PDF to HTML conversion is very slow


#1

I am trying to convert a simple 8 page PDF to HTML with the sample code below. It takes over 10 secs to convert. Am I doing anything wrong here?

    	       Document doc = new Document("C:\\temp\\79134279.pdf");

		HtmlSaveOptions newOptions = new HtmlSaveOptions();
		newOptions.PartsEmbeddingMode = HtmlSaveOptions.PartsEmbeddingModes.EmbedAllIntoHtml;
		newOptions.LettersPositioningMethod = LettersPositioningMethods.UseEmUnitsAndCompensationOfRoundingErrorsInCss;
		newOptions.RasterImagesSavingMode = HtmlSaveOptions.RasterImagesSavingModes.AsEmbeddedPartsOfPngPageBackground;
		newOptions.FontSavingMode = HtmlSaveOptions.FontSavingModes.SaveInAllFormats;

		// Output file path
		String outHtmlFile = "C:\\temp\\79134279.html";
		
		// Save the output file
		doc.save(outHtmlFile, newOptions);

#2

@kalidoss2,

Thanks for contacting support.

The time taken by API to perform specific operation depends upon the structure and complexity of input document, so can you please share the input PDF document, so that we can test the conversion in our environment.

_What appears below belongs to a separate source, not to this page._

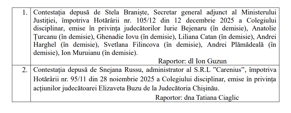 update Membrii CSM au respins contestația depusă de Stela Braniște, Secretar general adjunct al Ministerului Justiției, împotriva Hotărârii nr. 105/12 din 12 decembrie 2025 a Colegiului disciplinar, emise în privința judecătorilor Iurie Bejenaru (în demisie), Anatolie Țurcanu (în demisie), Ghenadie Iovu (în demisie), Liliana Catan (în demisie), Andrei Harghel (în demisie), Svetlana Filincova (în demisie), Andrei Plămădeală (în demisie), Ion Muruianu (în demisie).

We are sorry for this inconvenience.


#3

Hi,

Attaching the PDF I tried. It take a quite a bit of time even after the first time (to rule out any caching overhead).

Thanks,
Kal79134279.pdf (206.7 KB)


#4

@kalidoss2,

Thanks for sharing the sample file.

I have tested the scenario and have managed to reproduce same performance related issue. For the sake of correction, I have logged it as PDFNET-43208 in our issue tracking system. We will further look into the details of this problem and will keep you updated on the status of correction. Please be patient and spare us little time. We are sorry for this inconvenience.


#5

@kalidoss2

Thanks for your patience.

We have further tested the scenario with latest version Aspose.Pdf for .NET 17.11 while using following code snippet and thoroughly inspected our source code. We have not found any block that could be simply and essentially optimized. Please note that conversion duration naturally depends on number of elements on the page, especially characters. As you can see, this document is composed quite densely, so performance with this sort of document is expected and acceptable.

In case of any further assistance, please feel free to let us know.